The process of securing an application is ongoing, from the earliest stages of application design to ongoing monitoring and testing of deployed applications. Security teams use a broad range of tools and testing practices.

Application security testing and tools

Tools and techniques used for application security are almost as numerous and diverse as those used for application development.

Most of these tools and techniques fall into one of the following four categories:

  • Secure development platforms help developers avoid security issues by imposing and enforcing standards and best practices for secure development.
  • Code scanning tools enable developers to review new and existing code for potential vulnerabilities or other exposures.
  • Application testing tools automate the testing of finished code. Application testing tools can be used during the development process, or they can be applied to existing code to identify potential issues. Application testing tools can be used for static, dynamic, mobile or interactive testing.
  • Application shielding tools are used to protect applications that are in release. Some examples include the following:
    • threat detection tools to examine the network and environment in which an application is running, and flag vulnerabilities and potential threats;
    • encryption tools for protecting data from interception;
    • code obfuscation tools to make source code hard or impossible to decipher and reverse engineer; and
    • runtime application self-protection tools, which combine elements of application testing tools and application shielding tools to enable continuous monitoring of an application.

Of course, application security exists within the context of OSes, networks and other related infrastructure components that must also be secured. To be fully secure, an application should be protected from all types of attack.

Best practices for application security

Best practices for application security fall into several general categories.

  • What must be protected?
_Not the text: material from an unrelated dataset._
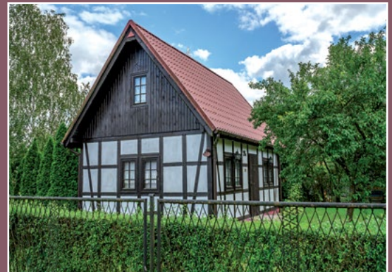
Stary dom w Kwiejcach Starych Altes Haus in Kwiejce Stare

Experts recommend security professionals map out all of the systems, software and other computing resources -- in the cloud and on premises -- that must a part of the application.
  • What is the worst that can happen? Experts recommend understanding and quantifying what is at stake if the worst does happen. This enables organizations to allocate resources appropriately for avoiding risk.
  • What could happen? How could a successful attack be carried out? Threats are the things that could negatively affect the application, the organization deploying the application or the application users.

Specific tips for application security best practices focus on identifying general weaknesses and vulnerabilities and addressing them. Other best practices depend on applying specific practices like  adopting a security framework or implementing secure software development practices appropriate for the application type.

Application security trends and future

While the concepts of application security are well understood, they are still not always well implemented. Security experts have had to adjust as the computing changed. For example, as the industry shifted from time-shared mainframes to networked personal computers, application security professionals had to change how they identified and addressed the most urgent vulnerabilities.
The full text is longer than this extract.